The 21st Century Cures Act includes transparency provisions requiring that summary information about the requester’s qualification submissions, FDA’s formal written determinations and a listing of qualified animal models will be publicly posted. As such, at each of the three above stages the FDA will publish the date of receipt and status, the requester name, the DDT Qualification Program, DDT description, proposed COU, the LOI/QP/FQP summary (whichever is applicable), information on external expert consultation, and the FDA Formal Written Decision Letter (for LOI and QP stages) or the Qualification Determination (for the FQP stage).
If an Applicant requires changes to be made to a qualified DDT, it is possible to request a post-qualification modification. This process is initiated by submitting a QP (Stage 2, as outlined above). An individual or organisation can also request a modification to another Applicant’s qualified DDT, by submitting an LOI; the possible outcomes are that the original qualification effort may remain qualified with the modification represented as an additional qualification, or it may be determined that the original qualified DDT and COU may be subsumed into one modified DDT and COU.

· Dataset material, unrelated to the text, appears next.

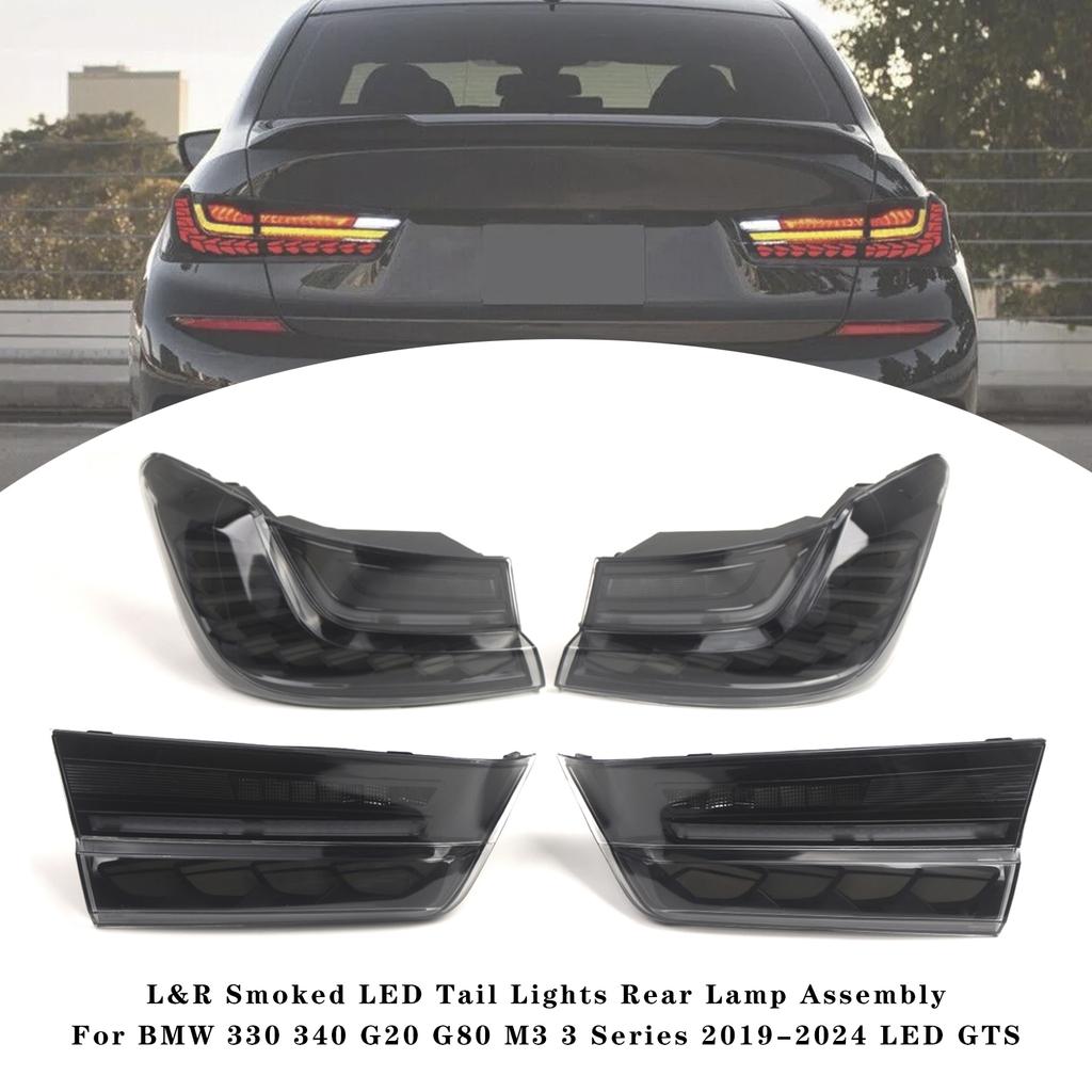 L&R Smoked LED Tail Lights Rear Lamp Assembly For BMW 330 340 G20 G80 M3 3 Series 2019-2024 LED GTS

Benefit of Animal Model Qualification
The key benefit of the AMQP is that a qualified animal model may be used in IND or NDA/BLA submissions without FDA needing to reevaluate the qualification conclusion, thereby accelerating the drug development and review process, as long as the FDA concludes that the animal model is suitable for efficacy testing of the specific investigational drug that is the subject of the INR or NDA/BLA and the following criteria are met:
The study is conducted properly (e.g., all procedures and protocols specified in the context of use are followed).
The animal model is used for the qualified purpose (i.e., used within the context of use).
At the time of qualification, there is no new information that conflicts with the basis for qualification.
Another benefit is that the AMPQ offers Sponsors additional opportunity to interact with FDA at key stages throughout the drug development process.
Furthermore, because qualified animal models are product-independent, they have the potential to be used in multiple drug development programs targeting a particular disease thereby reducing redundancy and conserving resources.
Conclusions & Summary
The AMQP is well-established and there are numerous resources available for Applicants considering this procedure, including guidance documents published by FDA. Use of a qualified animal model is not a requirement for approval under the ‘Animal Rule’, however receiving qualification has a number of benefits, including the potential to reduce the time required for regulatory review and increased opportunity to interact with FDA.